I am starting off on my first model engine build. It's going to be a Snow tandem horizontally opposed double acting design. I bought the plans but for most of the parts I am also going to draft them up in CAD (Alibre). I am doing that because I want the CAD practice and also some of the machine work will be done on CNC machines so I can take the CAD to CAM easily. I am sure I will need help along the way but I am looking forward to my first build. I really want to do a V8 but I figured I need practice first. I would appreciate helpful comments along the way!

Maxi 

So to start off here is the external water pump design.


----------



## Maxine (Dec 12, 2010)

Here is the impeller and a spare after cutting. Note I reduced the number of vanes to 5.


----------



## kvom (Dec 12, 2010)

That's an ambitious engine for a first build. Good luck. Check out joe d's build thread.


----------



## Maxine (Dec 12, 2010)

I found Joe's build thread, thanks! Good motivation and some good ideas there for me.


----------



## ttrikalin (Dec 12, 2010)

Maxi, this is CNC-ed? if not, can you drop a hint on the setup?

Very nice work! :bow: :bow:

I will be following the build,

take care, 

tom in MA


----------



## Maxine (Dec 12, 2010)

Yes the impeller was cut on my CNC mill with a 1/8" ball end mill so the picture of the finished part still in the vise jaws is all the set up there was for that part.


----------



## Maxine (Dec 12, 2010)

Here's the basic components of the cylinder all drawn up. Colors are just used to show individual components in the assembly.


----------



## joe d (Dec 12, 2010)

Maxine

Good to see another Snow build starting. I'm still twiddling dials as opposed to writing G-code, but I can certainly see where CNC capabilities would have lessened the load on some of the parts for this thing! Have fun, and keep the pictures coming 
I'm at the "got all the parts made, now only have to get it running" stage, saw one running in Windsor Vt a few weeks ago just to give me inspiration.

Cheers, Joe


----------



## Maxine (Dec 13, 2010)

Thanks Joe. I saw your build thread. Your engine is beautiful. I have most of mine drawn in CAD now (the parts I need anyway). Here is a shot of the assembly. Time to purchase some material and start cutting.


----------



## swilliams (Dec 14, 2010)

Maxine, I've just managed to get my hands on the book for the Snow. Will be following with interest

Steve


----------



## Maxine (Dec 22, 2010)

Finally had some some free time in the shop to start making the cylinders.

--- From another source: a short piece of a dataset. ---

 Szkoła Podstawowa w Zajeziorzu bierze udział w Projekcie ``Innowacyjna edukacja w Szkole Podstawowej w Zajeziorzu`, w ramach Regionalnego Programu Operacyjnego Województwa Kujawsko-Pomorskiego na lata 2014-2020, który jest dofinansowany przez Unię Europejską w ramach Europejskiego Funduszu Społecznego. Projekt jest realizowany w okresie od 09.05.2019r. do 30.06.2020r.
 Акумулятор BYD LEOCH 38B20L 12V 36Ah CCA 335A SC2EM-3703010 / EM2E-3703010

Drilling with 1 inch drill.





Boring to final size.


----------



## joe d (Dec 22, 2010)

Maxine

Don't stop now, you're almost done :big:.

In the CAD model you posted above, the rocker arms & spark-plug holes are mirrored from their original orientation:
are you making a "left-handed" Snow? My brain would hurt trying to keep that straight!

Cheers, Joe


----------



## hitandmissman (Dec 22, 2010)

I also plan someday to build the Snow. Have the book and purchased the ignition system, seals, and the gears. I will be following along with your build. I have an old Smithy lathe and an X2 mill. But am curious as to what CNC machine you are using?


----------



## Maxine (Dec 22, 2010)

Yep, it was easier to just sketch and mirror. I'm happy someone noticed, there are a couple of other details that aren't quite right in the CAD sketches because they are works in progress. I was wondering when/if someone would comment.  



			
				joe d  said:
			
		

> Maxine
> 
> Don't stop now, you're almost done :big:.
> 
> ...


----------



## Maxine (Dec 22, 2010)

Ya I need to get around to purchasing the ignition stuff and seals too. I'm going to make the gears. This will be a real slow build though so no hurry. I ordered plans on Monday for a V4 as well so if I start trying to do both at once it will be a really, really slow build. 

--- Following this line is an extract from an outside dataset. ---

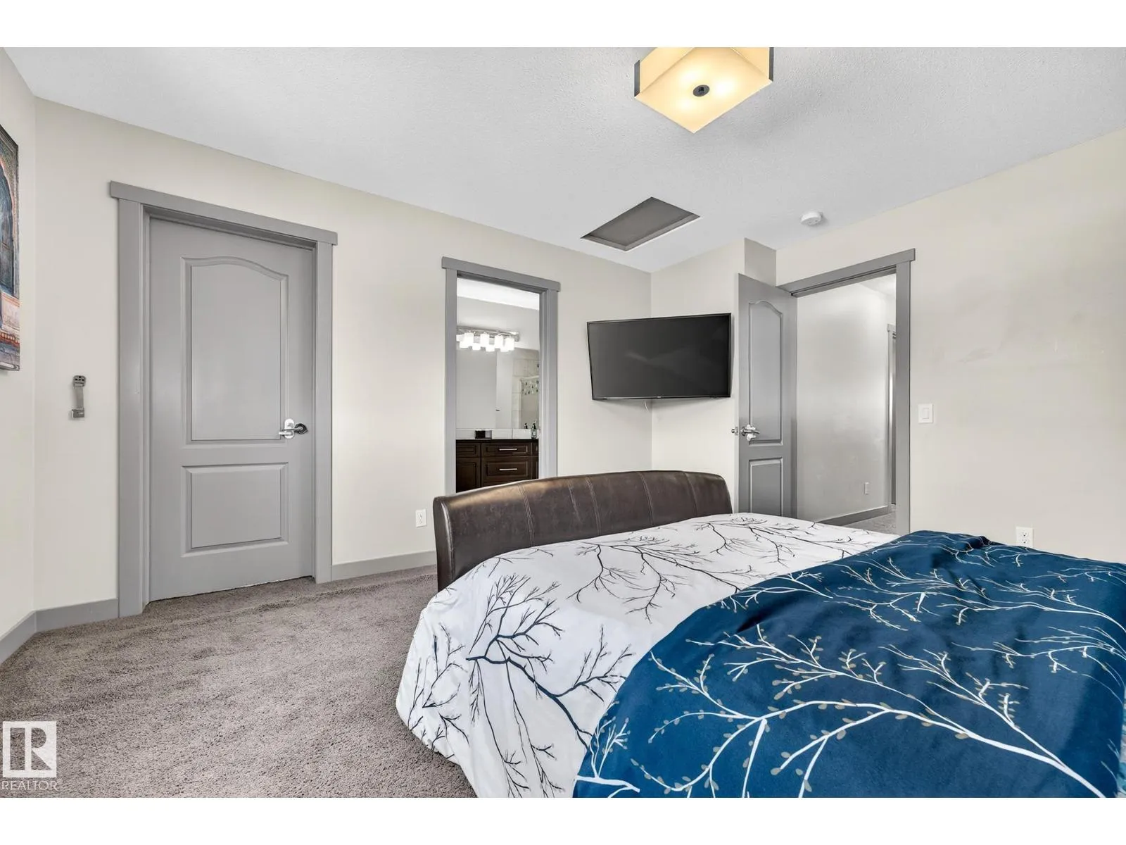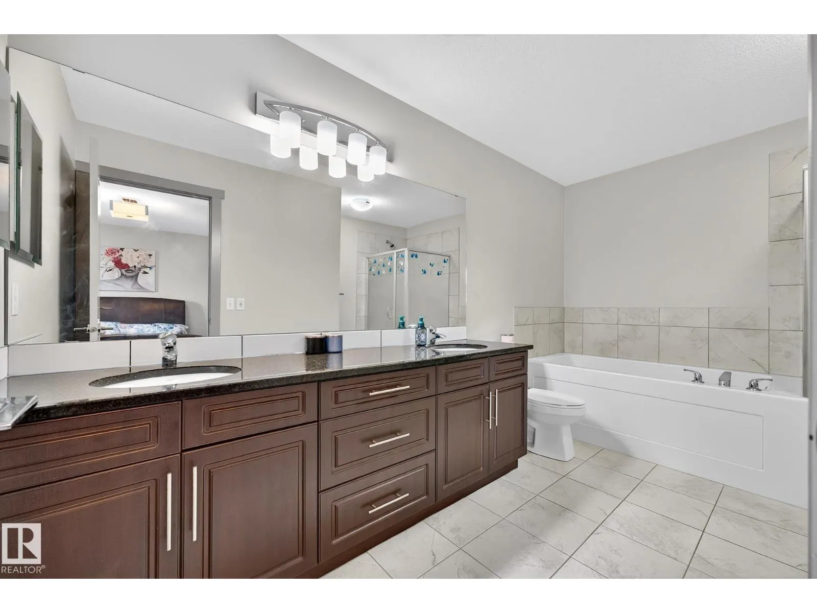 Experience the ultimate West Edmonton lifestyle in this meticulously maintained two-storey home in the family-focused community of Secord. This vibrant neighborhood is renowned for its scenic walking trails, lush wetlands, & convenient proximity to highly-rated local schools & playgrounds. The bright main floor features an open-concept layout with wide-plank laminate flooring & a cozy gas fireplace that serves as a warm centerpiece for the living area. The chef-inspired kitchen boasts granite countertops, stainless steel appliances, dark wood cabinetry, & a spacious pantry. Upstairs, discover a peaceful retreat in the primary suite, complete with a massive walk-in closet and a spa-like 5-piece ensuite designed for total relaxation. The fully finished basement adds a versatile rec room and a convenient half bath. Step outside to a large backyard deck with a custom pergola, perfect for entertaining. With Central AC & a prime location near the Anthony Henday, your commute is as seamless as your lifestyle. (id:27476)

As far as shop equipment goes the machines are both Haas. The lathe is a TL-1 and my mill is a TM-1. The CAD I use is Alibre Design and the CAM is either Alibre CAM or Mastercam (I'll use mostly Alibre CAM). 

If I may ask, where did you order the electronics from? Are suppliers listed in the book? When my book came I just started sketching up parts so I have to admit I haven't actually read the text yet.  




			
				hitandmissman  said:
			
		

> I also plan someday to build the Snow. Have the book and purchased the ignition system, seals, and the gears. I will be following along with your build. I have an old Smithy lathe and an X2 mill. But am curious as to what CNC machine you are using?


----------



## hitandmissman (Dec 22, 2010)

I ordered the electronics from Roy Sholl at S/S machine www.cncengines.com. Great guy to talk with. He has an article on the set up in the Jan/Feb Home shop machinist. If you are going to use this set up some of the dimensions do change on the distributor bushing and distributor driver. He also has the required seals for the Snow.


----------